Look down the entries below and report how many lines hold the string "Konkurs"; write nothing else.

EXERCISE MATERIAL section start

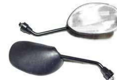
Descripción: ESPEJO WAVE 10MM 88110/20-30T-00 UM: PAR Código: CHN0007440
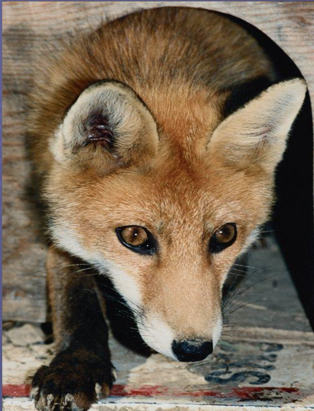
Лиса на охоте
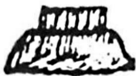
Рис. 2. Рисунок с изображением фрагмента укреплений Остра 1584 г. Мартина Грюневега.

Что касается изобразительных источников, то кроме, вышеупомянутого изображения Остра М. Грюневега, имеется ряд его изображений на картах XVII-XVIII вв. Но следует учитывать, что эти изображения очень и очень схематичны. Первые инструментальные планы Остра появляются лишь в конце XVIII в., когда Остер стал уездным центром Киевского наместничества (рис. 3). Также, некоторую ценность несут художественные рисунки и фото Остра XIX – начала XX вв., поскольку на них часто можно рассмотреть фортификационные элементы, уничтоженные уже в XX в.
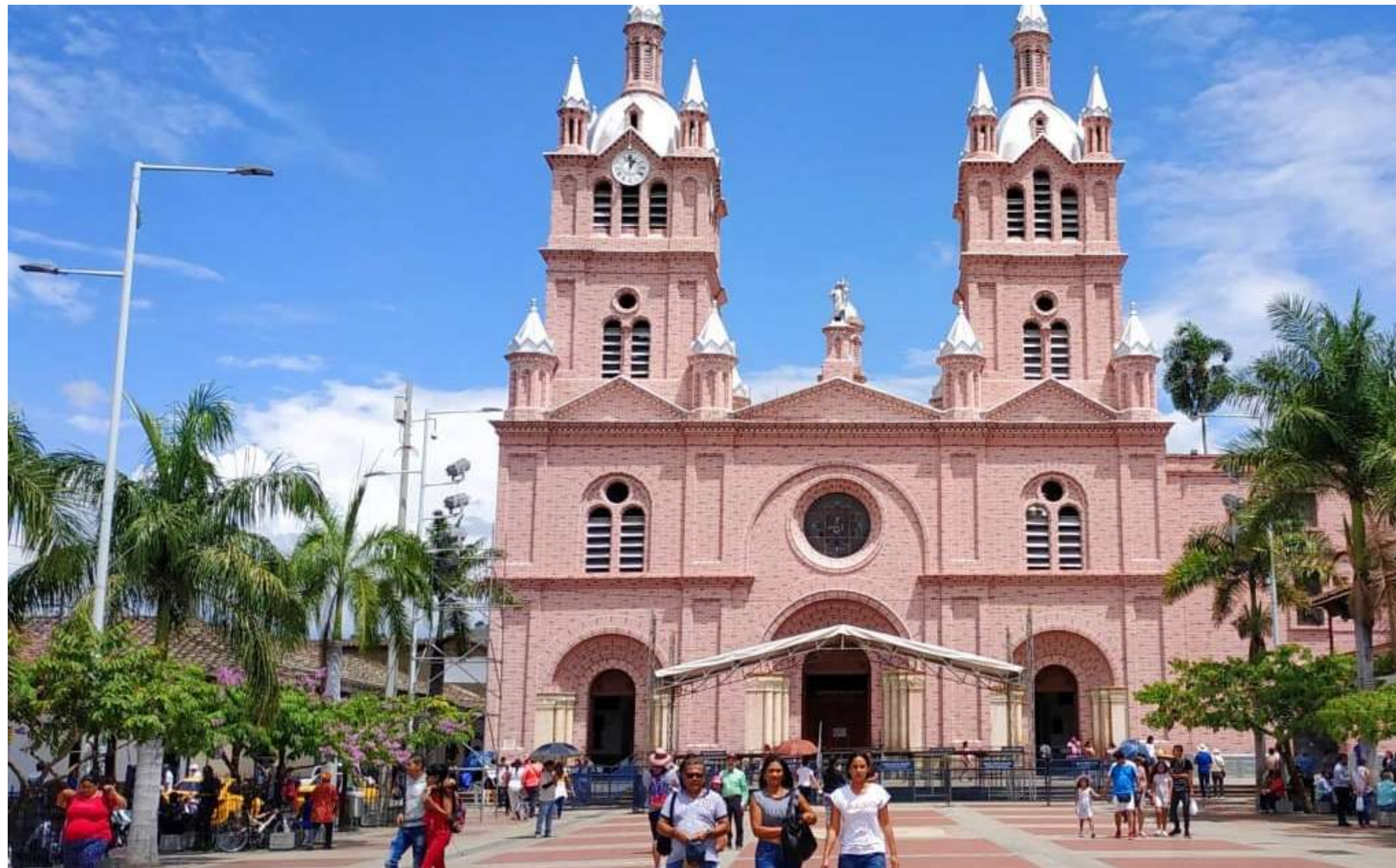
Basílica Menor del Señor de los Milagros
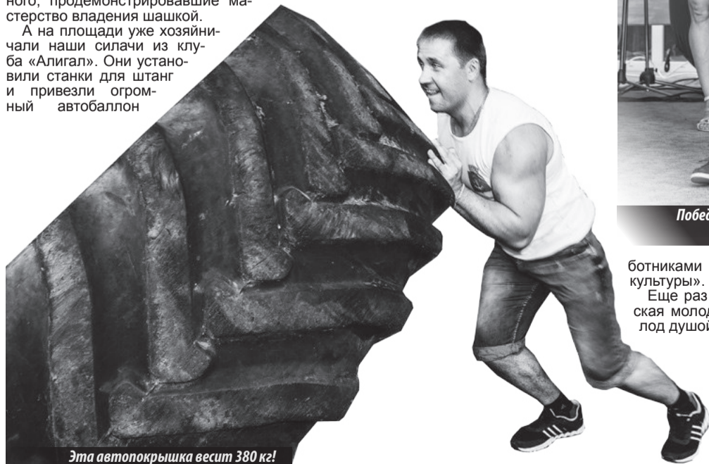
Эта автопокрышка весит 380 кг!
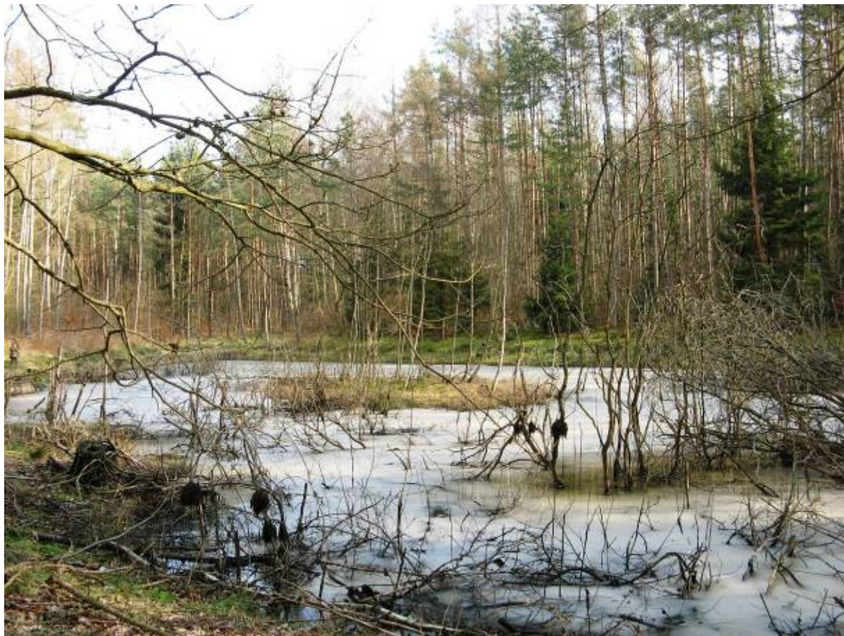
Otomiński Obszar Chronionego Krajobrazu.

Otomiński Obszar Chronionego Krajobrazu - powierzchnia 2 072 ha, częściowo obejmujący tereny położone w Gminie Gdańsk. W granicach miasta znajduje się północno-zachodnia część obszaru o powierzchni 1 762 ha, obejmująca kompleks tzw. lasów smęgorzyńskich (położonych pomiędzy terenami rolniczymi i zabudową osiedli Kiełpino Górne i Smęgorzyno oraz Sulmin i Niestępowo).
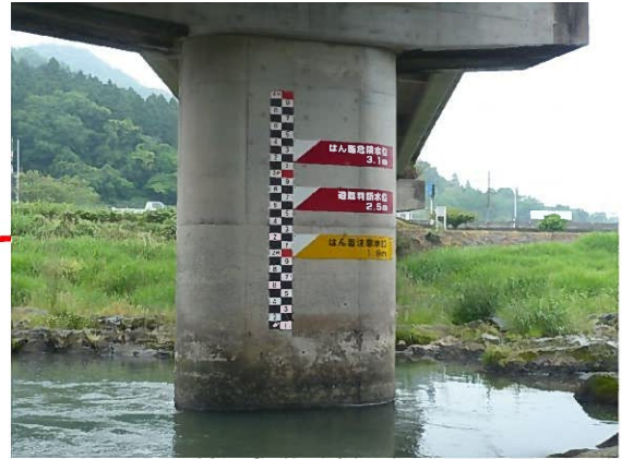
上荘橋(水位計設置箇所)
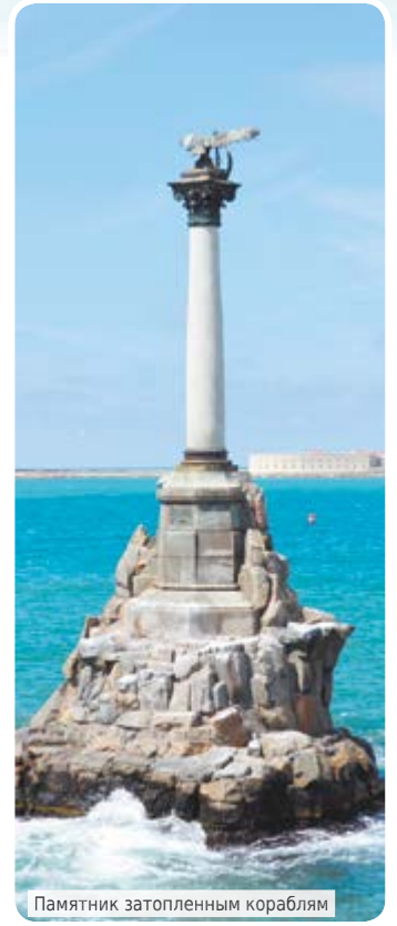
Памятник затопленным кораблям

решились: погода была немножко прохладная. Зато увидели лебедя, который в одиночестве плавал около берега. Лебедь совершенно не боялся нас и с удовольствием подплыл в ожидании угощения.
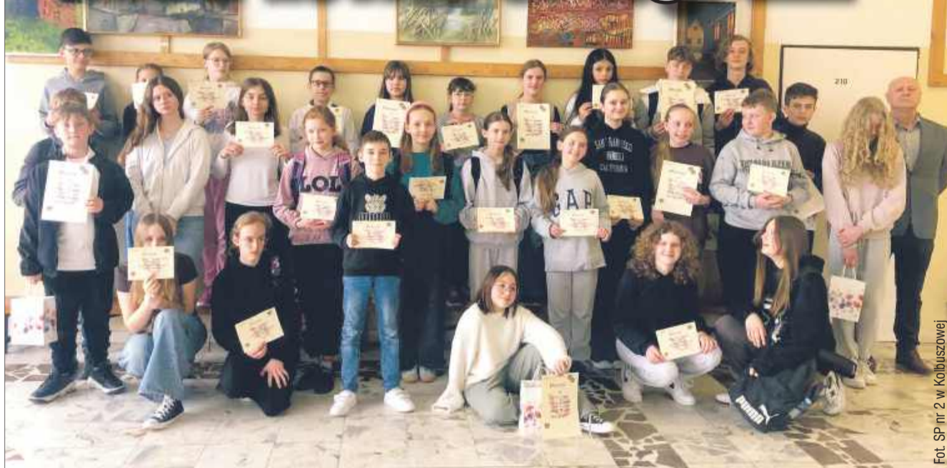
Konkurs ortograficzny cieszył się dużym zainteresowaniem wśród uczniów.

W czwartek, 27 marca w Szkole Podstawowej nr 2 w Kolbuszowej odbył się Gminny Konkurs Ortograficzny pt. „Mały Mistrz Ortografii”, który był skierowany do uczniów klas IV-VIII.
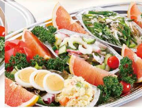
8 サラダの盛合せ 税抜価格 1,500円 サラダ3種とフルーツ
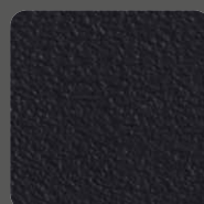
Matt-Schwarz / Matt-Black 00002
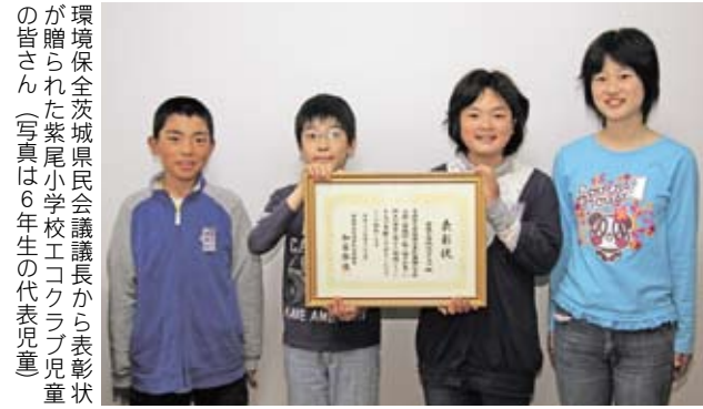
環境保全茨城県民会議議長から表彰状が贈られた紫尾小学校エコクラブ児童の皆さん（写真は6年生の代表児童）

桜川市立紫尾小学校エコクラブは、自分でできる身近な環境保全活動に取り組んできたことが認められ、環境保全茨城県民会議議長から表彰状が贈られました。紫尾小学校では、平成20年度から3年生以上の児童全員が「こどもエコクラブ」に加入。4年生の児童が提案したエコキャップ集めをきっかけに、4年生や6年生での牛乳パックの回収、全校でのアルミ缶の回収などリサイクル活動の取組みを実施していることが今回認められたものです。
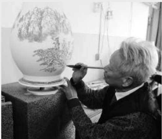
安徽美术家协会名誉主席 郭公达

EXERCISE MATERIAL section end

◆ FINAL ANSWER ◆
2